Exercise directions | Look through the data below for the line with "2. NOTE: The" and the line with "专为港口高强度作业场景深度定", then output those two and all lines in between, exactly as written.

Records for the exercise |
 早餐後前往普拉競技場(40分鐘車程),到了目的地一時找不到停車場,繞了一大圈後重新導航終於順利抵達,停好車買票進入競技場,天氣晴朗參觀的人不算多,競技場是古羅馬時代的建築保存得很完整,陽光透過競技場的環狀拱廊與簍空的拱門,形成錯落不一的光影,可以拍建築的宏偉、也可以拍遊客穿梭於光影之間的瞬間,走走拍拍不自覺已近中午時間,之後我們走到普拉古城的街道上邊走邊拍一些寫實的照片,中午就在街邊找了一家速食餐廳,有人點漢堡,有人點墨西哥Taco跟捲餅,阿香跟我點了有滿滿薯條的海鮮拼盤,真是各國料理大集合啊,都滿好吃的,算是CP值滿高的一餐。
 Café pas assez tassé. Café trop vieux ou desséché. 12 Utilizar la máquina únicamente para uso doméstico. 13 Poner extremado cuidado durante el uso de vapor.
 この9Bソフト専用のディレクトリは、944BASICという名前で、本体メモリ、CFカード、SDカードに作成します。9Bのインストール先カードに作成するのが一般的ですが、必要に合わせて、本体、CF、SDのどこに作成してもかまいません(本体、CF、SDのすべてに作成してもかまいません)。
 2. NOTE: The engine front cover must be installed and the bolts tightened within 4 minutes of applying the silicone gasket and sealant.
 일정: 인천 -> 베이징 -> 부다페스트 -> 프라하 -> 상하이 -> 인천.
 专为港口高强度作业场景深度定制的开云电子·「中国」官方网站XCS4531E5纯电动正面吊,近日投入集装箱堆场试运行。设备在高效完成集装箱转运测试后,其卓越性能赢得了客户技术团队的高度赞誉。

...

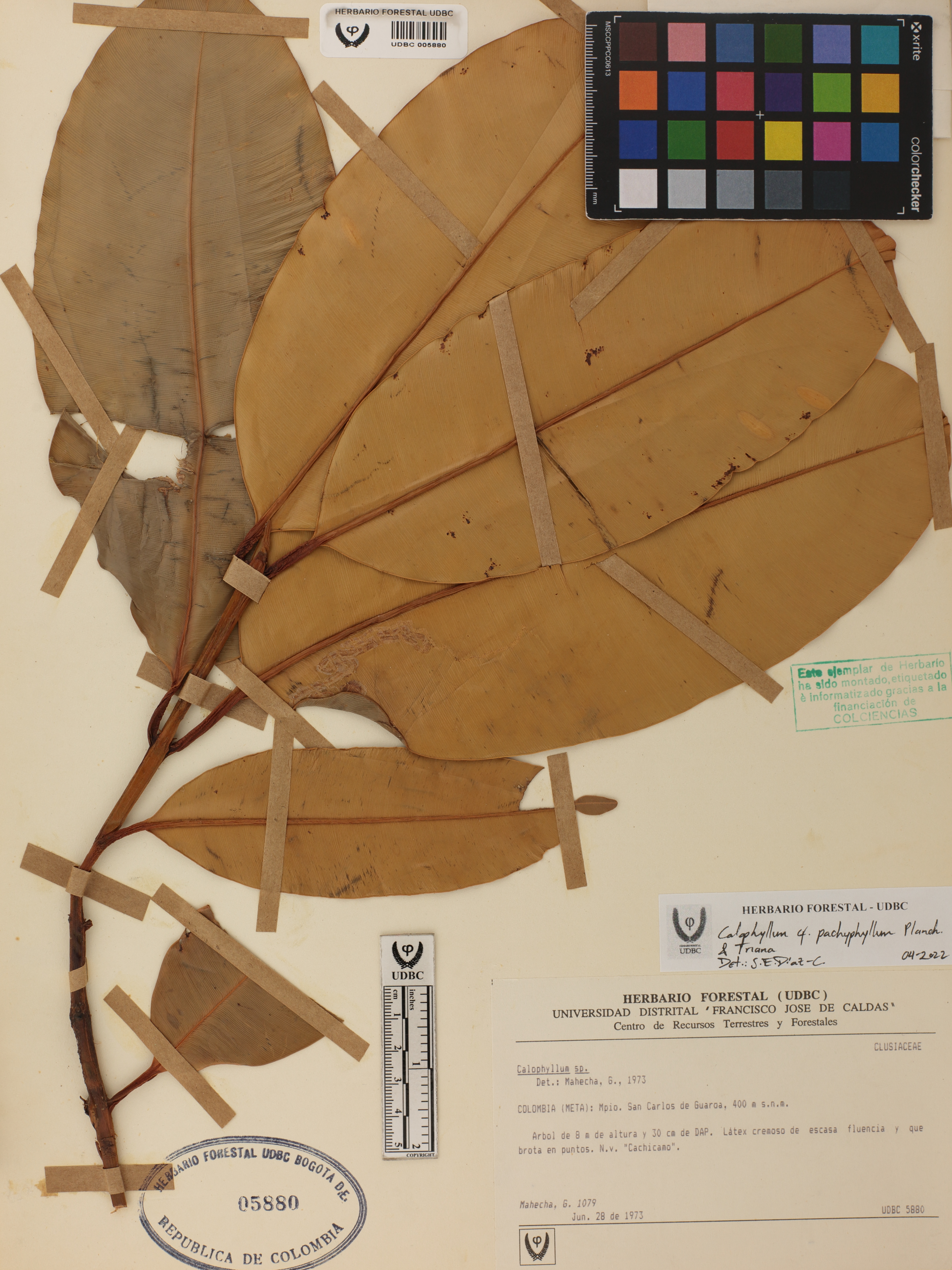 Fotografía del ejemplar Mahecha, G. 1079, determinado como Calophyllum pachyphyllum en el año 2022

...

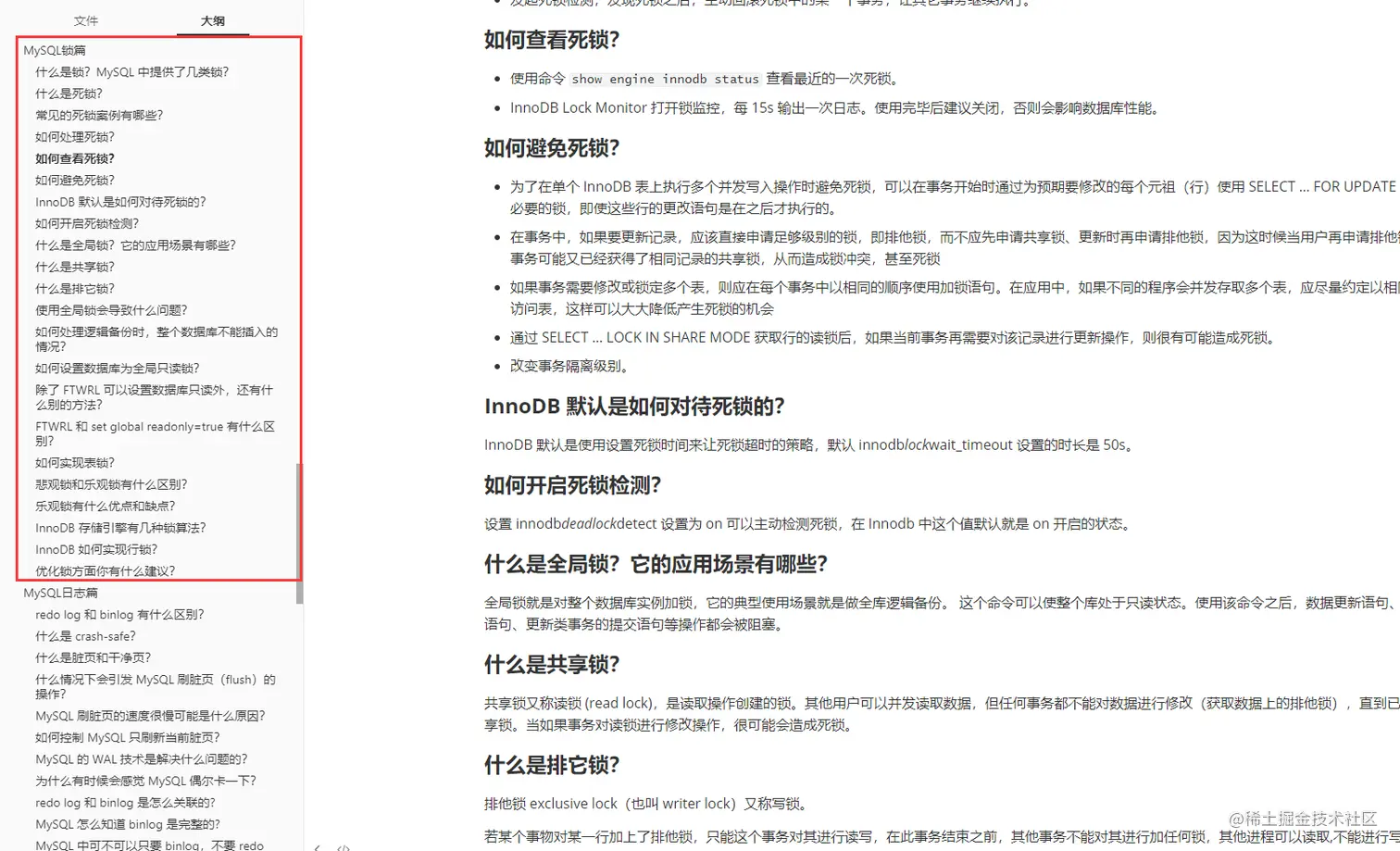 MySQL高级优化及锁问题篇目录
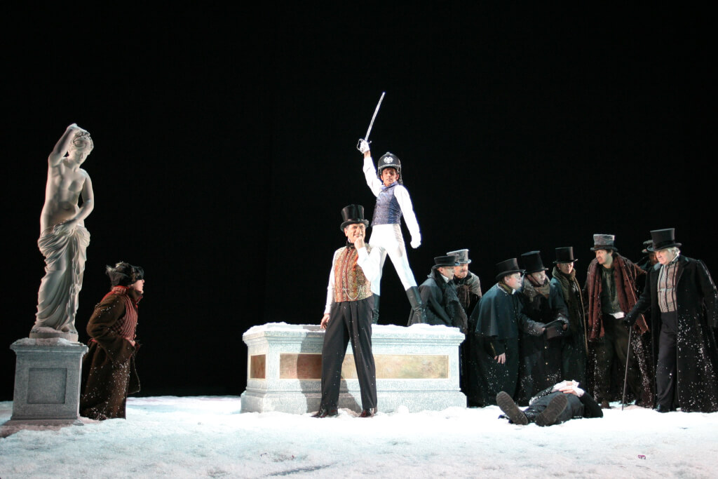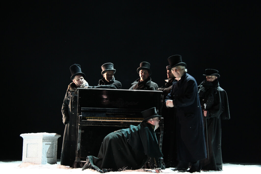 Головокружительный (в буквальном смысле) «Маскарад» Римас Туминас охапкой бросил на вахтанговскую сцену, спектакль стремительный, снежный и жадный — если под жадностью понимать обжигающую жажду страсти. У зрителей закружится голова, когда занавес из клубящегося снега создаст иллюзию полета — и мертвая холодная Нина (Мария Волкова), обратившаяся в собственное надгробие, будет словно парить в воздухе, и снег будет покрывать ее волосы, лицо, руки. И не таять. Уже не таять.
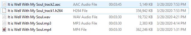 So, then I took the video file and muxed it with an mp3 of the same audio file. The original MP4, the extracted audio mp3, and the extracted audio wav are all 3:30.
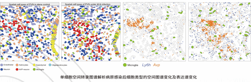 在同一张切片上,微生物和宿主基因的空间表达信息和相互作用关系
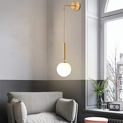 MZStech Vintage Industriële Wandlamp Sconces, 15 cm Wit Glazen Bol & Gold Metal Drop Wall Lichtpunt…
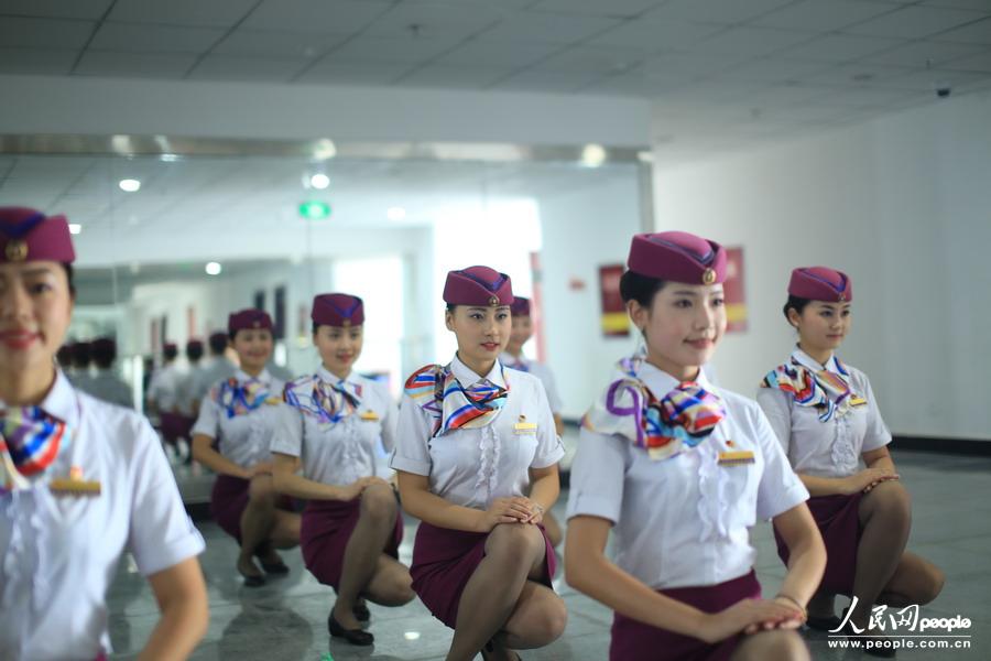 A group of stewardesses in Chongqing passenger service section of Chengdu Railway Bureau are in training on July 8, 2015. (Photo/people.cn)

Exercise solution |
 2. NOTE: The engine front cover must be installed and the bolts tightened within 4 minutes of applying the silicone gasket and sealant.
 일정: 인천 -> 베이징 -> 부다페스트 -> 프라하 -> 상하이 -> 인천.
 专为港口高强度作业场景深度定制的开云电子·「中国」官方网站XCS4531E5纯电动正面吊,近日投入集装箱堆场试运行。设备在高效完成集装箱转运测试后,其卓越性能赢得了客户技术团队的高度赞誉。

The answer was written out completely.